Dutch Source - VVV het meest concreet voor Gentenaar


----------



## Mai♥ (May 4, 2009)

Thanks for the summary! ^^


----------



## Gabe (May 10, 2009)

i like this author i am glad she is starting another manga. hope it is good. i liked inuyasha but most seem not to.


----------



## Yakushi Kabuto (May 11, 2009)

Giant chihuahua scared me, it managed to get less creepy when it merged. I enjoyed that she headbutted him to see if he was a ghost. So sad that it costs something to use a tin can phonecall to the other side.  And what a lame way to go, getting crushed by a pot. I'm mildly curious about where this series will go, or at least I want to know what they guy wanted to call about.


----------



## illmatic (May 14, 2009)

Chapter 3 out @ Link removed


----------



## Tyrannos (May 15, 2009)

LOL, the sign at the end.


----------



## Inuhanyou (May 16, 2009)

i guess shounen sunday comes out at inopportune times now..


----------



## Gomu Ningen (May 16, 2009)

Too similar to Bleach so far, except with the gender roles reversed, with the Shinigami being the guy and the one who sees ghosts being the female.  It does resemble Inuyasha too much too, but that's to be expected.   But it's only the first chapter, so I guess it's still too early to say it's too similar to the two.


----------



## Mai♥ (May 17, 2009)

Anybody know if any sites have uploaded this series yet? Not to download, but to merely view online.


----------



## illmatic (May 17, 2009)

All To Avi

that's all i know.


----------



## Mai♥ (May 19, 2009)

^ Ty but that doesn't work for me 

Anybody have any idear why it does this:

*Spoiler*: __ 








It does the same thing on firefox too :S

If I click the little buttons in the corner it just says page cannot be displayd :S


----------



## Gabe (May 19, 2009)

good chapter it was funny


----------



## Vandal Savage (May 19, 2009)

Well this series has been ok so far. Although I think Inuyasha had a stronger start I don't have anything negative to say about Rinne's start.


----------



## illmatic (May 19, 2009)

Mai♥ said:


> ^ Ty but that doesn't work for me
> 
> Anybody have any idear why it does this:
> 
> ...



Do you live outside of the USA & Canada?


----------



## Inuhanyou (May 19, 2009)

Heh, i tell ya though, nobody except Rumiko would be able to pull off this much "mystery of the week" format in her first few chapters without backlash


----------



## Yakushi Kabuto (May 19, 2009)

Of all things, why fake flowers as a side job? It was odd how calm the teacher was at seeing Suzuki's ghost suddenly. I like the sign he left about stiny people at the end as well. xD


----------



## Mai♥ (May 20, 2009)

illmatic said:


> Do you live outside of the USA & Canada?

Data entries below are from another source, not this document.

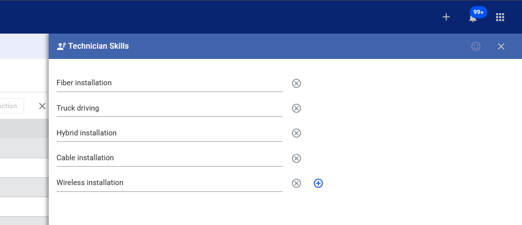 - Click the first empty line to add a skill (e.g., “Fiber Installation”).
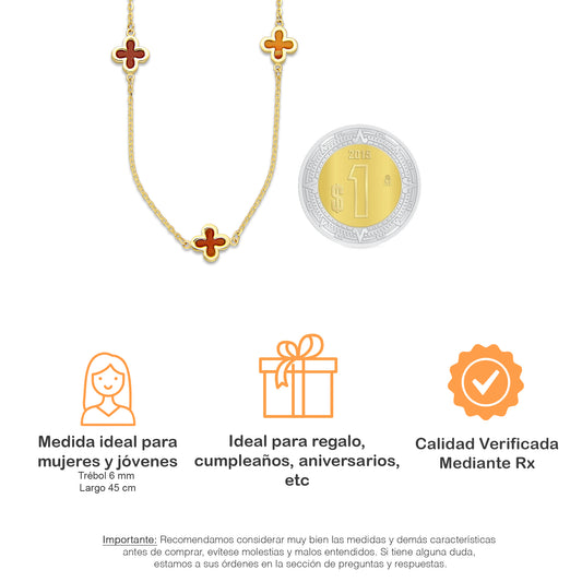 MR14G022 Gargantilla Collar Dama Oro Sólido 14K EMF14 5 Tréboles 6 mm Rojos Largo 45 cm
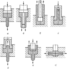 Рис. Схемы выдавливания: а,б – прямого; в, г – обратного; д, е – комбинированного; ж – бокового
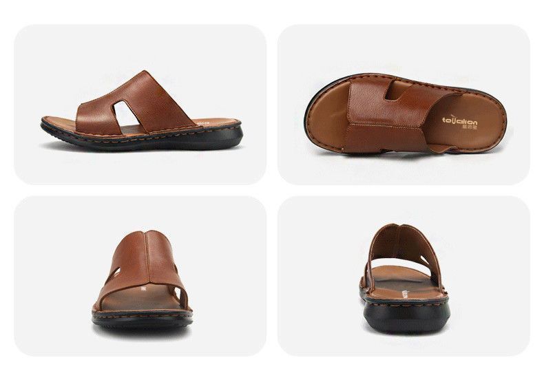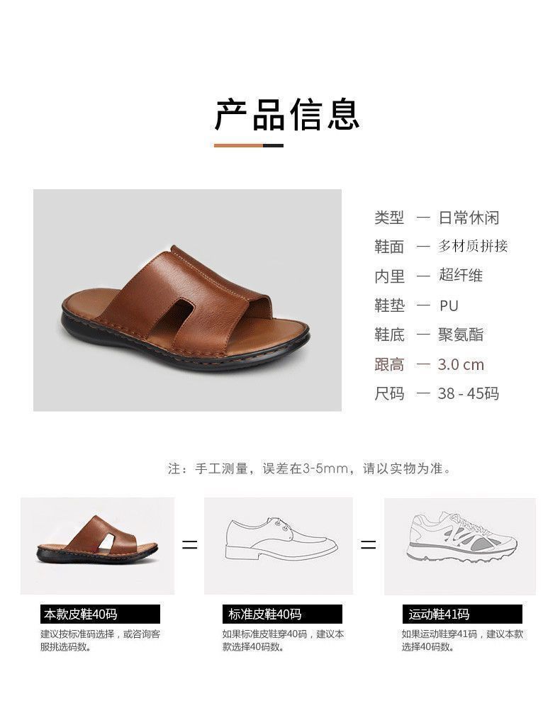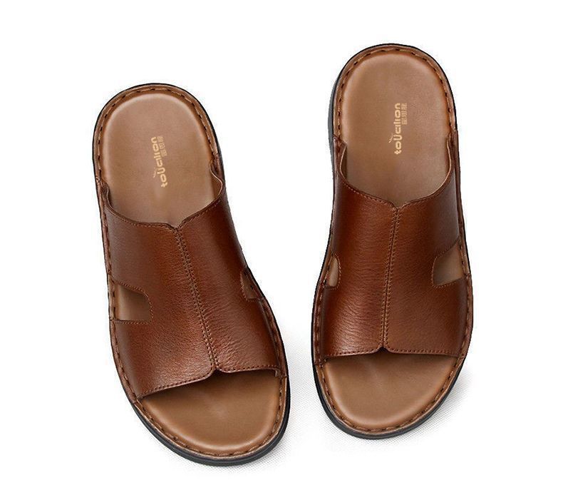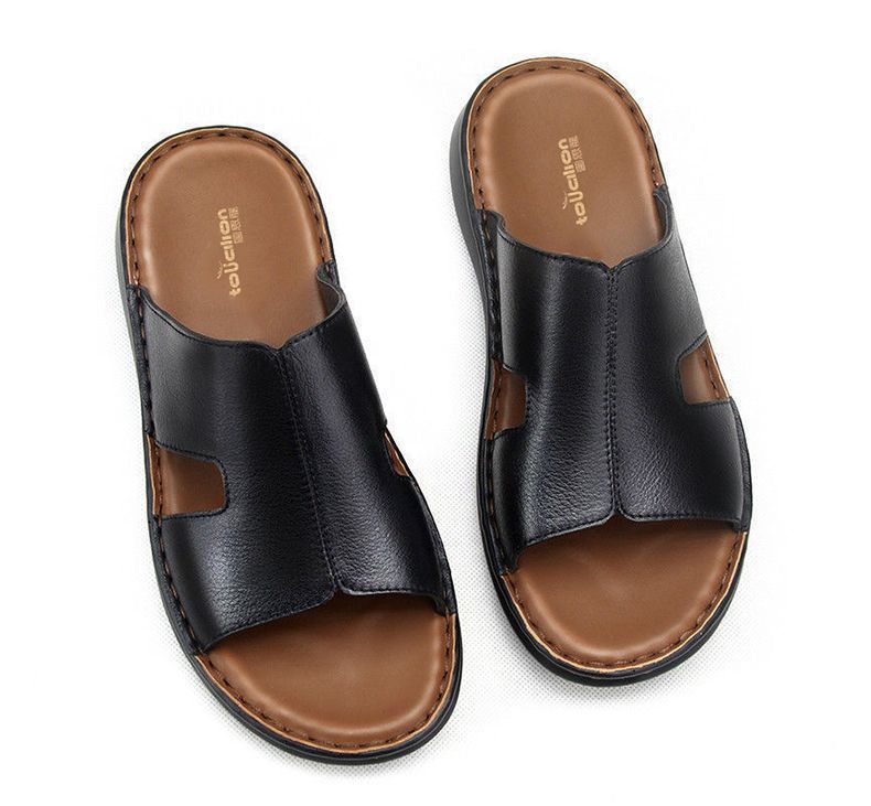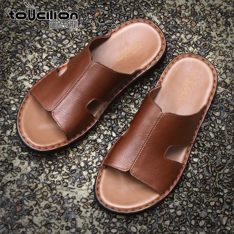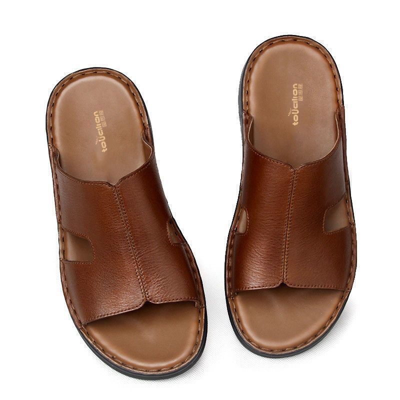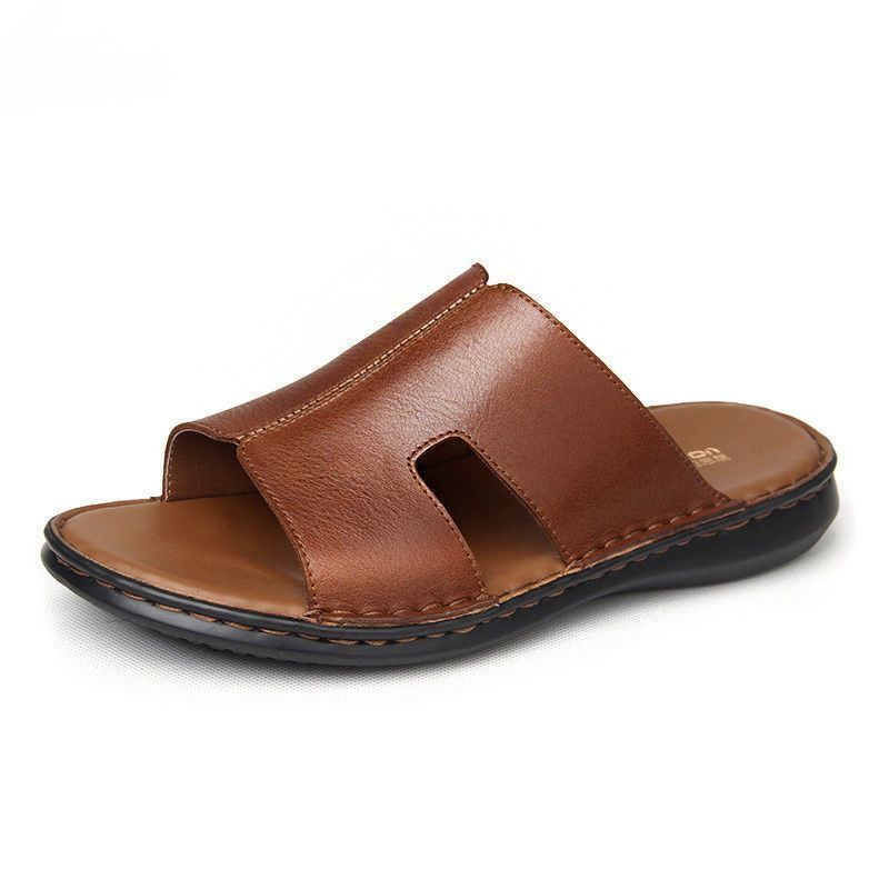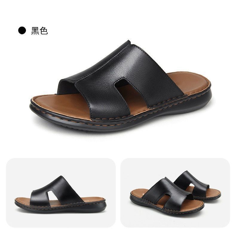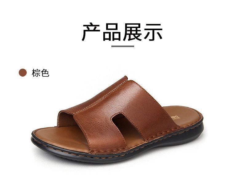 수제 남성용 가죽 슬리퍼 여름 미끄럼 방지 간단한 슬라이드 소프트 가죽 소프트 하단 정품 가죽 남성용 슬리퍼
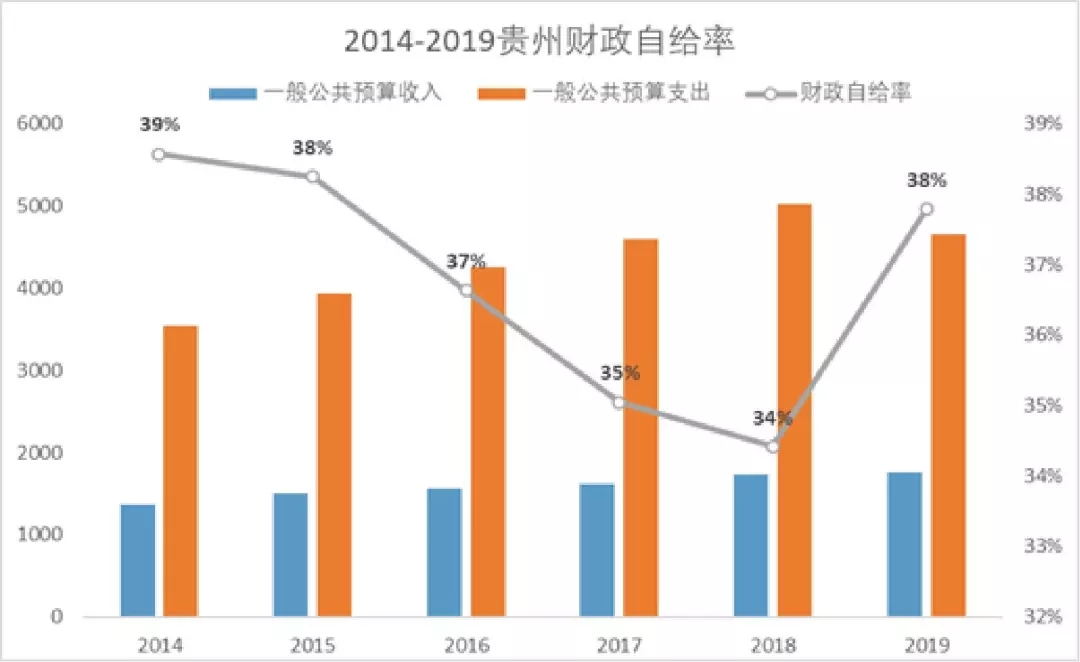 貴州省財政廳數(shù)據(jù)顯示,截至2018年末貴州政府債務余額為8849.81億,在限額以內(nèi)。全國對比來看,債務規(guī)模居全國第六位,但債務率已超100%的警戒線。這一數(shù)據(jù)尚未包含隱性債務規(guī)模。2018年一般公共預算收入1726.80億元,增長7.0%,全年一般公共預算支出5017.32億元,財政自給率34.4%,31個省份中排名22。
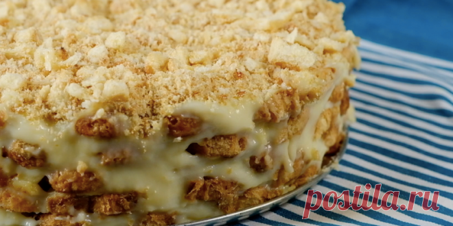 По вкусу десерт очень напоминает торт «Полет» с безе и орехами. Использовать мы будем всего 4 ингредиента, а в итоге получим невероятно красивый и очень вкусный десерт. Невероятно хрустящий торт готовится на скорую руку: на раз, два, три.
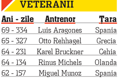 Luis Aragones (foto) bate record după record. Antrenorul care a reușit să ducă Spania în semifinalele unui turneu final de CE după o pauză de 24 de ani a devenit și cel mai vârstnic tehnician din istoria Europenelor care atinge această fază. Aragones l-a întrecut pe selecționerul Greciei, germanul Otto Rehhagel, cu patru ani. Spaniolul s-a născut pe 28 iulie 1938 și se ocupă de destinele naționalei iberice din 2004.
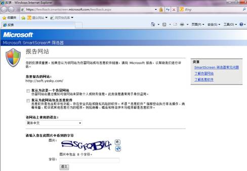 如果我們認為自己訪問的某個網站是危險網站,IE8瀏覽器的“SmartScreen篩選”提供了報告功能。我們可以選擇IE瀏覽器菜單“安全”—“SmartScreen 篩選器”—“報告不安全網站”。IE瀏覽器會跳轉到微軟的SmartScreen篩選網站,在這里按要求填入相關信息即可提交不安全網站的報告信息,經過相關驗證后,危險網站的數據資料會得到豐富。
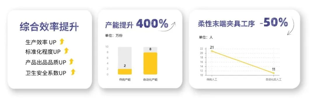 “相較于傳統(tǒng)生產(chǎn)模式伴有人工成本高,產(chǎn)能低的生產(chǎn)弊端,自從投入自動化生產(chǎn)線后,面皮產(chǎn)品日產(chǎn)能可以達(dá)到8萬份,且僅自動化生產(chǎn)線柔性末端夾具這一道工序上,每天每班次就可以節(jié)省10個人工?!睂殞毭嫫て放坡?lián)合創(chuàng)始人、香味氏族公司副總經(jīng)理王毅說道。
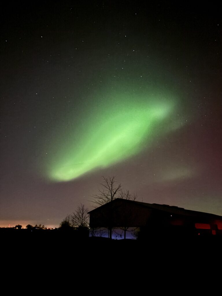 Am heutigen Abend (19. Januar), konnte man bei uns ein seltenes Himmelsschauspiel erleben: Bunte Polarlichter leuchteten am Abendhimmel. Die Bedingungen dafür waren außergewöhnlich gut, sodass die Lichter über mehrere Stunden hinweg sichtbar waren – von etwa 18 bis 23 Uhr, besonders gut bei wenig Umgebungslicht. Auch in den frühen Morgenstunden zum Dienstags (20. Januar), gibt es nochmals eine Chance auf dieses Naturerlebnis. Zwischen 5.30 Uhr und 6.40 Uhr können aufmerksame Beobachter erneut schimmernde Lichtbögen am Himmel entdecken.
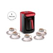 Sade ve Türk kahvesinin bol köpüklü yapıyor ama maalesef sütlü kahve 4 fincanın üstü yapıldığında taşıma ihtimali yüksek ayrıca sütlü kahvede cezvesi bayağı bir tutuyor temizlemek uğraştırıyor

Yes T_T I assume thats why. 



Inuhanyou said:


> Heh, i tell ya though, nobody except Rumiko would be able to pull off this much "mystery of the week" format in her first few chapters without backlash



I haven't read past chapter 1 yet, but yes she can


----------



## Kira U. Masaki (May 20, 2009)

First off this is not too similar to Bleach, let me clue you in gentlemen and ladies kubo tite is not the inventor the shingami 

in fact there are several ongoing shoujo series that have them, hell ive even seen them in hentai

also kubo tite did not invent the coat either

there are other mangas in existence besides bleach and naruto

now on to the manga itself, yea at first it seems a similar to inuyasha, but then again uresei yatsura was similar to masion ikkoku and ranma but they were all great nonetheless, im sure it will differentiate its self later on down the road

2 points id like to make - i totally thought he was going to turn out to be uber rich, and just be stingy because of the whole shingami thing, i was half expecting the teacher to feel sorry for him and go to his house and it turn out to be one of those huge mansions

point 2 - so is he ageless, his grandmother seems to be of a very young age, will he stop aging like her


----------



## illmatic (May 21, 2009)

Chapter 4 is out @ Suchtgefahr


----------



## Vandal Savage (May 21, 2009)

Hmm I wonder when she is going to remember what happened in the past. I'm also very interested in just what is up with Rokudo's family and how long have they been at this shinigami business.


----------



## Tyrannos (May 21, 2009)

Probably a very long time.  To me, this Chapter seems like Bleach in that the land of the dead is like another level of existance.  Instead, Rumiko is speeding things along that it's more like a pit-stop.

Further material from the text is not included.